'''

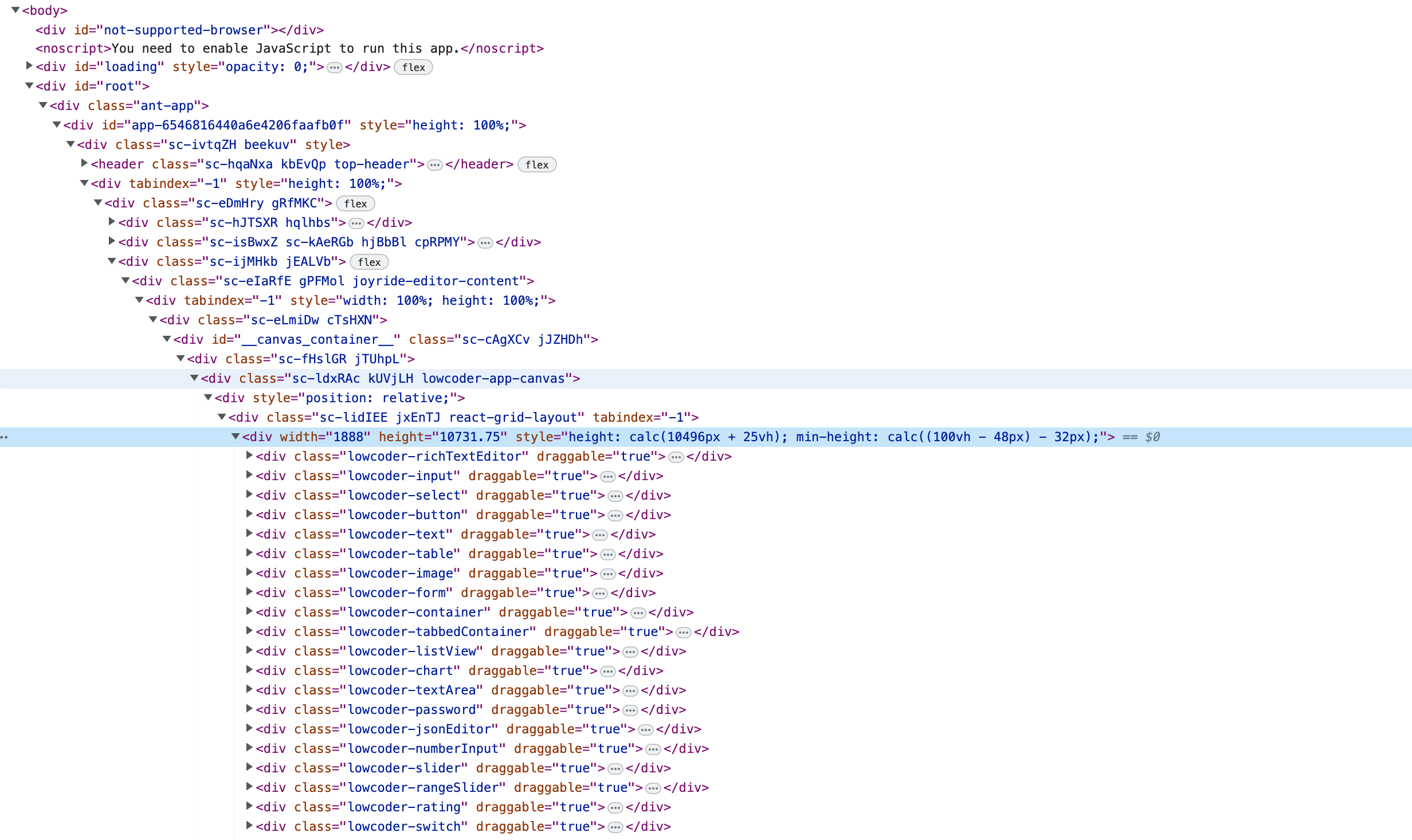 Each Lowcoder Component has a root element with the CSS class name "lowcoder-\<component-type>. This identifies the class, not the individual item. In styles that you develop for components, you can use this global class identifier to make sure your styles apply only to all children of a component type.
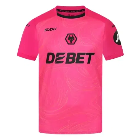 Drenched in a bioluminescent pink hue, this jersey features a fluid graphic that symbolises SUDU's ethos of always moving forward and never standing still. The iconic Wolves club badge takes centre stage, proudly displayed on the chest, making this shirt a must-have for any devoted Wolves fan.?
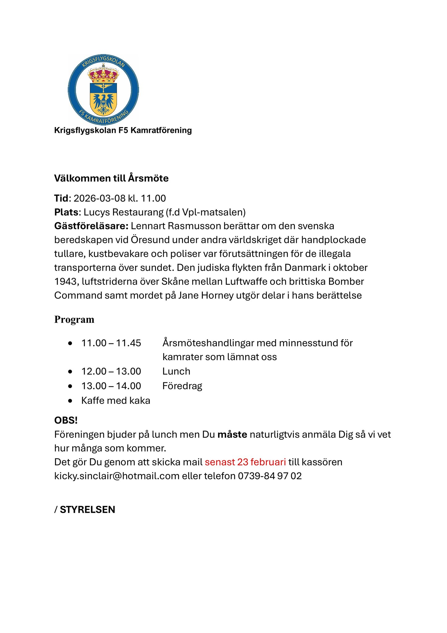 Snart dags för årsmöte, den 8 Mars kl11:00.
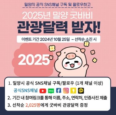 시는 굿바비 관광 달력 배부 이벤트도 함께 진행해 선착순 2025명에게 배부한다. 참여 방법은 밀양시 공식 SNS 채널(유튜브, 블로그, 페이스북, 인스타그램, 카카오스토리, 카카오톡 채널)을 구독하거나 팔로우한 뒤 참여 링크를 통해 이름, 연락처, 주소, 인증사진을 제출하면 된다.
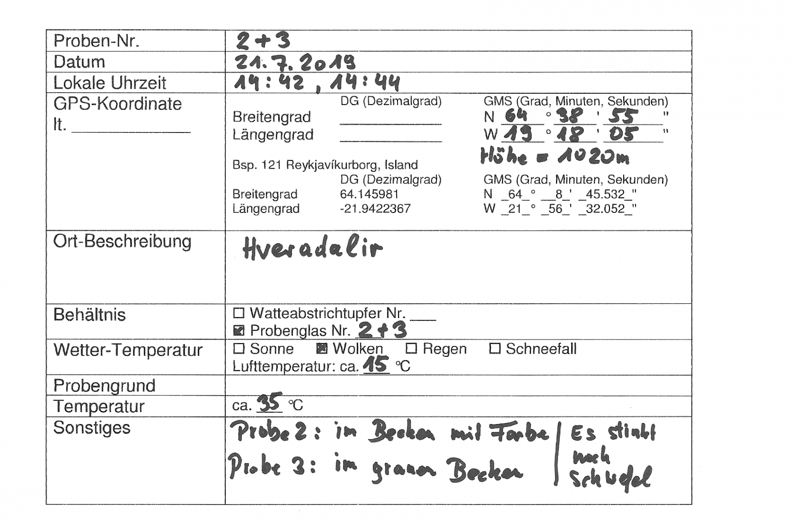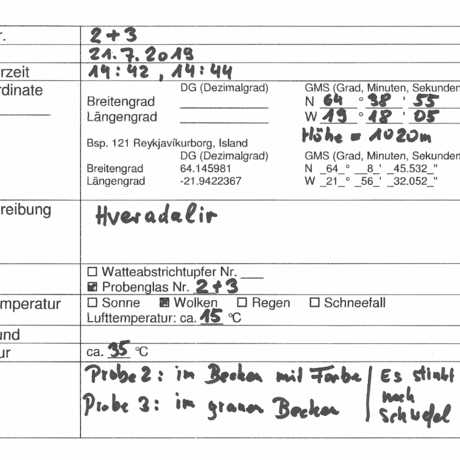 The precise documentation by Mr Steiner, who, while gathering the samples, had noted important data such as temperature, time, weather and personal impressions like colour and odour, was very helpful during the analysis and especially when comparing the results of the different cultures.
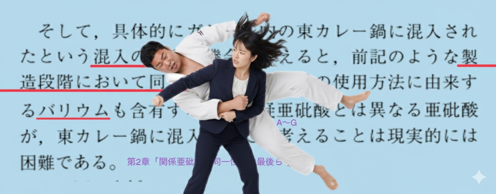 確定一審判決で異同識別のことを扱った「関係亜砒酸の同一性」の最後のとこに、こう書いてあるんや。
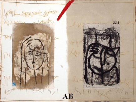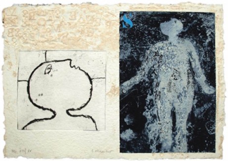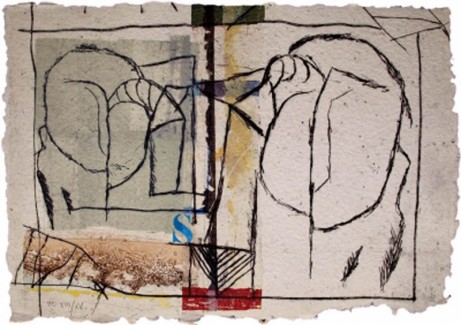 Rencontre aus Passager, Original Caborundum Radierung mit Collage und Handintervention aus dem Album Passager, Auflage 99 Exemplare, nummeriert und handsigniert , Bildgröße 38 x 50 cm, aus dem Jahr 1994, Preis auf Anfrage
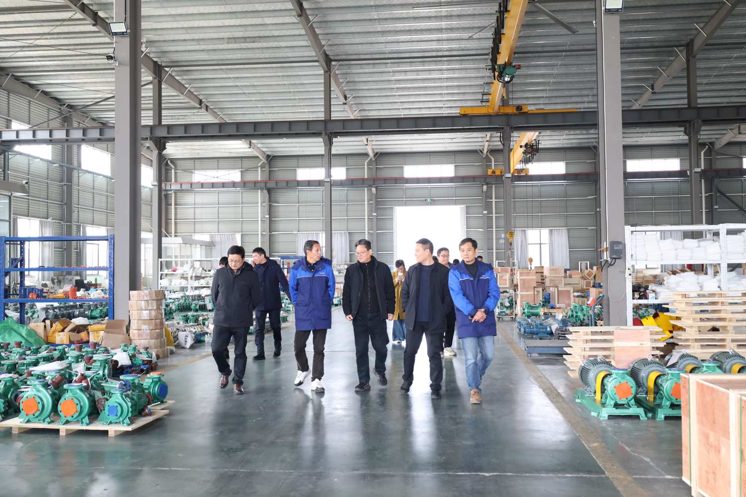 当日,李宏武主任一行深入我公司生产一线生产车间进行实地参观。周元军总经理详细讲解了公司核心产品的生产工艺、技术优势以及在防腐泵阀领域的创新成果。领导们不时驻足观看,详细了解产品的技术特点、市场应用以及一线职工的工作环境;详细询问了工艺流程、产品质量把控以及在行业内的领先优势。对j9.com泵阀多年来坚持深耕氟塑料泵阀领域,以“专精特新”引领行业发展的做法给予了充分肯定。
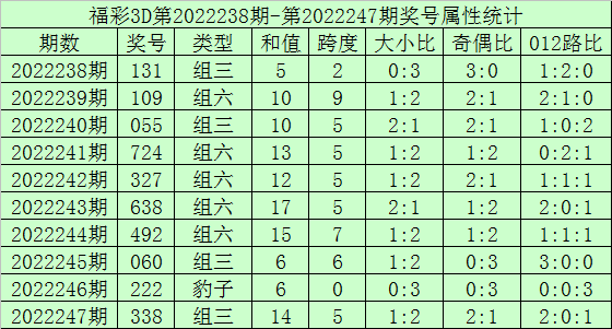 开奖回顾:福彩3D第2022247期开奖号:338,其中奖号和值:14,奇偶比2:1,大小比1:2。
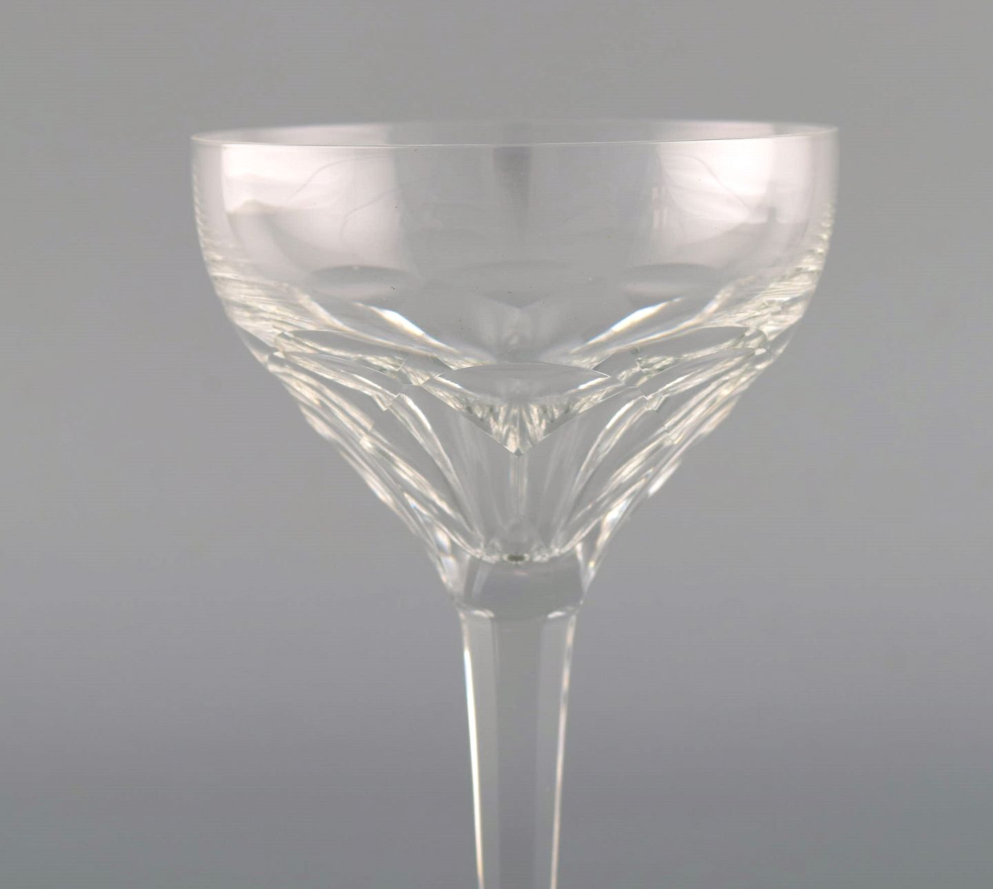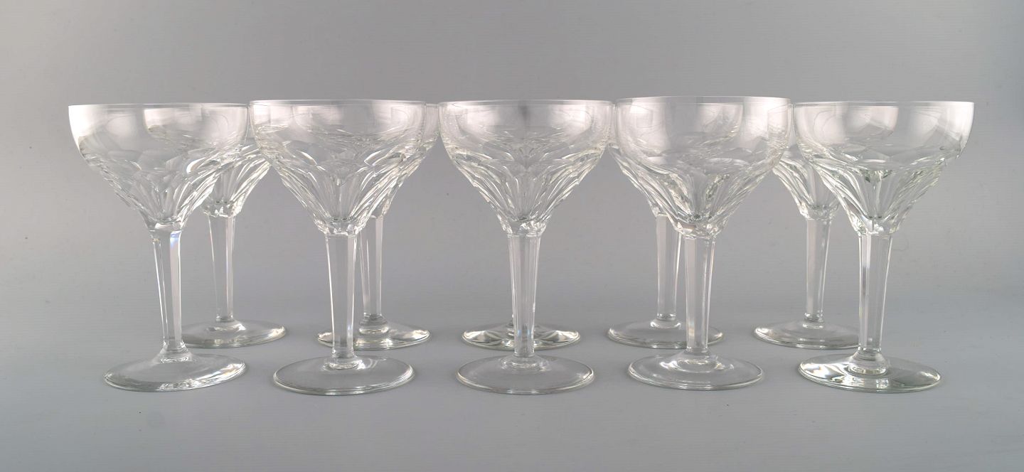 Val St. Lambert, Belgien. Ti rødvinsglas i klart mundblæst krystalglas. 1930'erne.
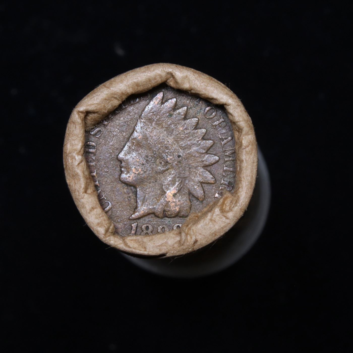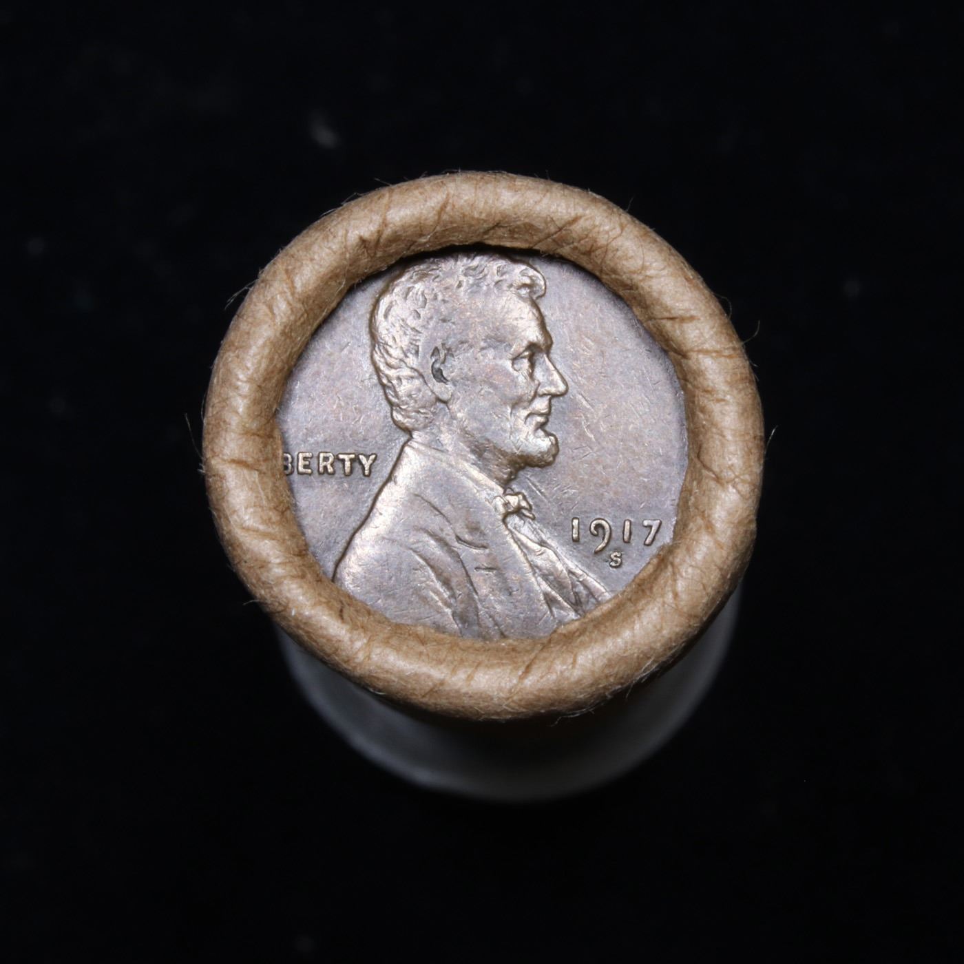 Mixed small cents 1c orig shotgun roll, 1917-s Wheat Cent, 1898 Indian Cent other end, McDnalds Wrap
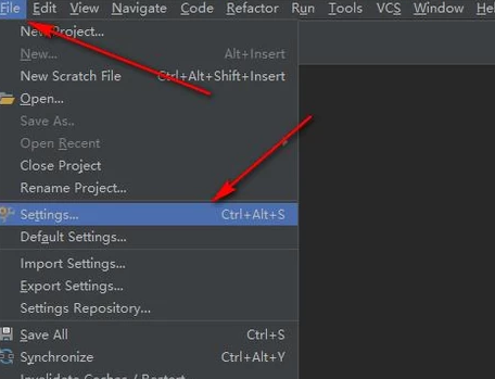 先点击“File”菜单,接着点击“settings”菜单,这是用于设置Pycharm的选项的菜单。

'''

* _The task_
An exact copy of every entry, minus the pictures, is what you should return.

* _Exercise solution_
 Each Lowcoder Component has a root element with the CSS class name "lowcoder-\<component-type>. This identifies the class, not the individual item. In styles that you develop for components, you can use this global class identifier to make sure your styles apply only to all children of a component type.
 Drenched in a bioluminescent pink hue, this jersey features a fluid graphic that symbolises SUDU's ethos of always moving forward and never standing still. The iconic Wolves club badge takes centre stage, proudly displayed on the chest, making this shirt a must-have for any devoted Wolves fan.?
 Snart dags för årsmöte, den 8 Mars kl11:00.
 시는 굿바비 관광 달력 배부 이벤트도 함께 진행해 선착순 2025명에게 배부한다. 참여 방법은 밀양시 공식 SNS 채널(유튜브, 블로그, 페이스북, 인스타그램, 카카오스토리, 카카오톡 채널)을 구독하거나 팔로우한 뒤 참여 링크를 통해 이름, 연락처, 주소, 인증사진을 제출하면 된다.
 The precise documentation by Mr Steiner, who, while gathering the samples, had noted important data such as temperature, time, weather and personal impressions like colour and odour, was very helpful during the analysis and especially when comparing the results of the different cultures.
 確定一審判決で異同識別のことを扱った「関係亜砒酸の同一性」の最後のとこに、こう書いてあるんや。
 Rencontre aus Passager, Original Caborundum Radierung mit Collage und Handintervention aus dem Album Passager, Auflage 99 Exemplare, nummeriert und handsigniert , Bildgröße 38 x 50 cm, aus dem Jahr 1994, Preis auf Anfrage
 当日,李宏武主任一行深入我公司生产一线生产车间进行实地参观。周元军总经理详细讲解了公司核心产品的生产工艺、技术优势以及在防腐泵阀领域的创新成果。领导们不时驻足观看,详细了解产品的技术特点、市场应用以及一线职工的工作环境;详细询问了工艺流程、产品质量把控以及在行业内的领先优势。对j9.com泵阀多年来坚持深耕氟塑料泵阀领域,以“专精特新”引领行业发展的做法给予了充分肯定。
 开奖回顾:福彩3D第2022247期开奖号:338,其中奖号和值:14,奇偶比2:1,大小比1:2。
 Val St. Lambert, Belgien. Ti rødvinsglas i klart mundblæst krystalglas. 1930'erne.
 Mixed small cents 1c orig shotgun roll, 1917-s Wheat Cent, 1898 Indian Cent other end, McDnalds Wrap
 先点击“File”菜单,接着点击“settings”菜单,这是用于设置Pycharm的选项的菜单。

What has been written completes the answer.